La division « alternatives » de BNP Paribas Asset Management a mené le tour de financement de série A de Rainforest Builder UK Ltd, une entreprise spécialisée dans la restauration des forêts tropicales en Afrique de l'Ouest. Cet investissement s'inscrit dans la stratégie « Capital Naturel & Impact » de BNPP AM Alts et s'accompagne d'un financement dédié au projet Colobus dans l'est du Ghana, couvrant les terres dégradées des régions d'Oti et de Volta dans la forêt de Haute-Guinée.

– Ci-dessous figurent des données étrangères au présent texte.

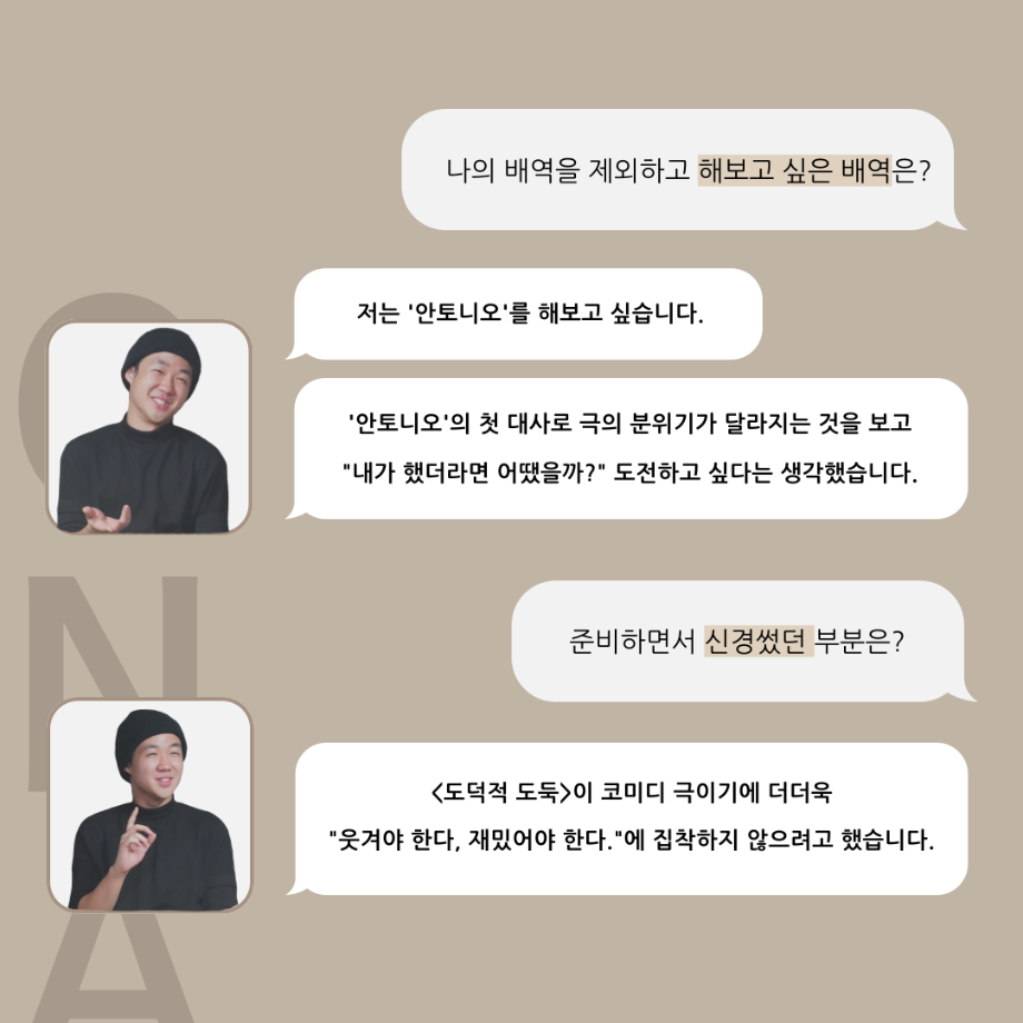 본문 시작 홈으로 커뮤니티 학과소개 입학정보 교수소개 학과과정 커뮤니티 공연예매 안내 홈페이지가이드 포토갤러리 공지사항 포토갤러리 작품DB 동아리 학사일정 학생회 포토갤러리 페이스북 트위터 프린트 ‘품’위있는 인‘터뷰’ - 하계프로젝트 도둑役 <박상훈> 연기예술학과 3202 2024-09-13 안녕하십니까. 24년도 학회 ‘품’ 입니다. 학회 ‘품’의 열 네 번째 인터뷰로 세명대학교 연기예술학과 하계프로젝트 <도덕적 도둑> 의 도둑 역인 박상훈 학우와 인터뷰 하는 시간을 가졌습니다. 가장 좋아하는 장면, 자신의 배역을 제외하고 해보고 싶은 배역 그리고 준비하면서 어려웠던 부분과 공연을 마친 소감 등에 대해 인터뷰 하는 시간을 가졌습니다. 앞으로 있을 인터뷰 컨텐츠인 ‘품터뷰’ 많은 사랑 부탁드립니다. 목록 이전논문통계분석 LIVE 특강 안내 다음 ‘품’위있는 인‘터뷰’ - 하계프로젝트 안토니오役 <정준혁> 담당부서 : 연기예술학과 담당자 : - 연락처 : 043-649-1733 최종수정일 : 2024-10-26 만족도조사 만족도 조사 이 페이지에서 제공하는 정보에 대하여 만족하시나요? 매우만족 만족 보통 불만족 매우불만족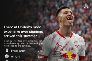 體育資訊8月9日訊 媒體TA統(tǒng)計(jì)了曼聯(lián)引援的轉(zhuǎn)會(huì)費(fèi),并列出榜單,博格巴8900萬(wàn)英鎊居首,安東尼次席,前10名球員中有3人是在今夏加盟。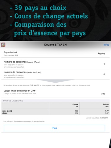 Notre application vous montre à première vue quelles seront les marchandises que vous pouvez importer sans payer des droits de douane. Elle est une calculatrice simple des droits de douane toujours à votre disposition. Elle est capable de calculer la TVA ou autres taxes de vente en vigueur dans les pays de l`Euro. L`application est avant tout qualifiée pour les achats effectués dans les pays voisins de la Suisse: l`Allemagne, la France, l`Italie et l`Autriche. En tout, les 39 principales destinations sont disponibles dans le monde entier.
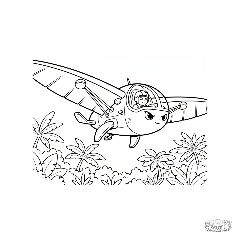 Página para colorir de um ornitóptero futurista com asas mecânicas, voando sobre uma selva. Design dinâmico inspirado em anime. Para 7-9 anos.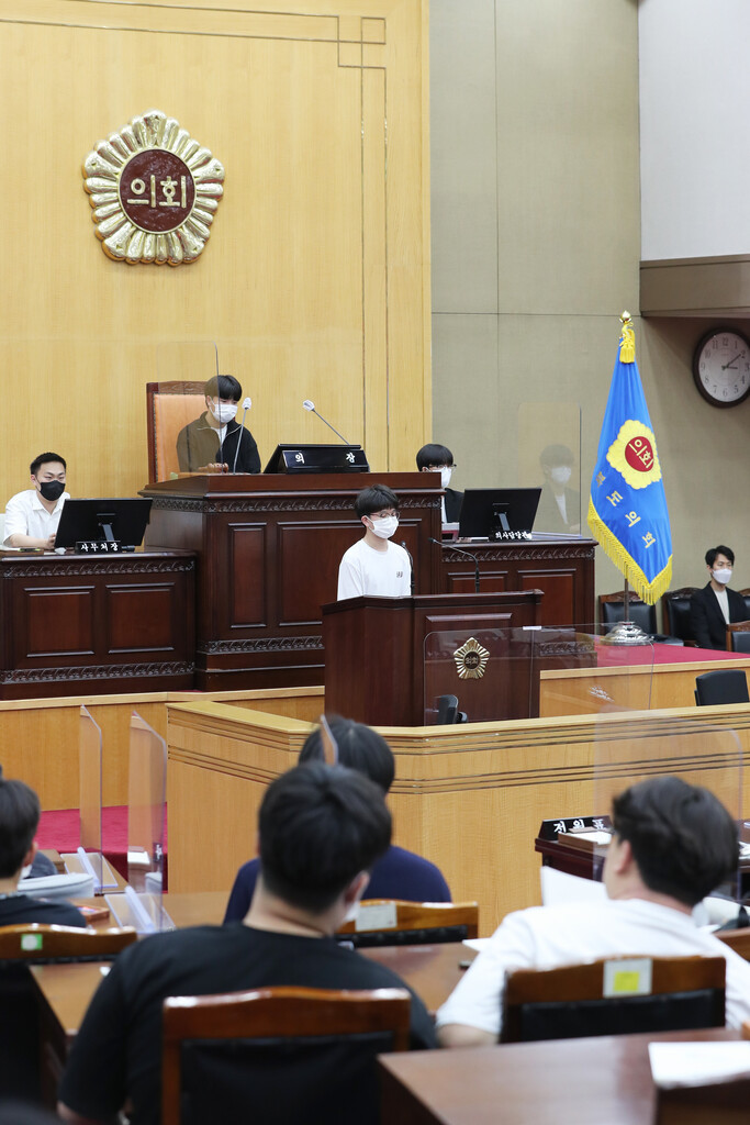 의장 역할을 한 정석영 학생은 “의장이 발언하는 곳에서 직접 본회의를 진행해 보니 내가 진짜 의장이 된 것 같았다."라며 "지방의회의 기능과 역할에 대해 배우고 의원이라는 직업에 대해 좀 더 관심을 가지게 되는 계기가 되었다"라고 소감을 말했다.
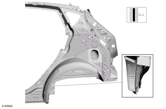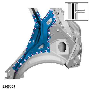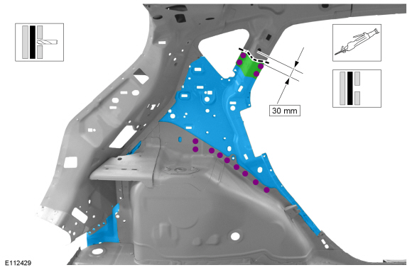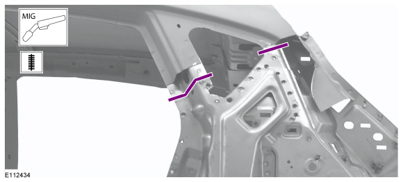 Установите усиливающую боковую панель и точечные сварные швы.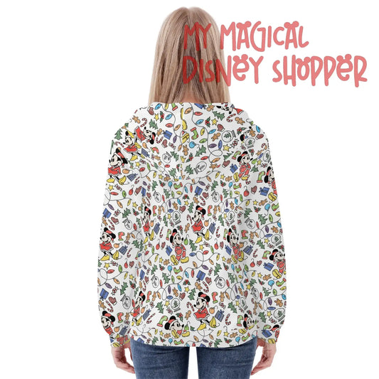 My Magical Christmas Mouse Womens All Over Print Classic Zip Up Hoodie Warm Jacket

Rainforest Builder adopte un modèle intégré verticalement, gérant l'ensemble du processus de restauration, de la collecte de graines à la gestion forestière à long terme. L'entreprise plante des espèces indigènes sur des terres dégradées et intègre des données écologiques dans un système propriétaire pour suivre les progrès et améliorer les résultats de restauration. Le projet Colobus combine des objectifs environnementaux et économiques ; outre le reboisement, il collabore avec les agriculteurs locaux pour améliorer la productivité agricole, réduisant ainsi la pression sur les forêts. Une partie des terres soutient également une production de bois durable, créant des emplois et des sources de revenus.
La structure de financement vise à générer des crédits de suppression de carbone de haute qualité, un domaine de plus en plus prisé par les entreprises sur le marché volontaire du carbone. Les projets de restauration forestière, lorsqu'ils sont mis en œuvre à grande échelle avec une rigueur scientifique, sont considérés comme une source importante de ces crédits. Pour BNPP AM Alts, cet investissement élargit son exposition au capital naturel, reliant les résultats environnementaux aux rendements financiers. La société gère environ 300 milliards d'euros d'actifs, couvrant des domaines tels que l'immobilier, les infrastructures et les capitaux privés.
Rainforest Builder exploite actuellement quatre projets au Ghana, en Sierra Leone et en Guinée. Les nouveaux capitaux accéléreront son expansion sur les marchés existants et nouveaux. Cette transaction met en lumière la convergence entre le financement climatique, la protection de la biodiversité et les politiques de développement, libérant davantage de capitaux privés pour des solutions fondées sur la nature. Au niveau mondial, elle renforce le rôle du capital naturel dans les portefeuilles d'investissement et témoigne de la confiance dans le marché des crédits de suppression de carbone.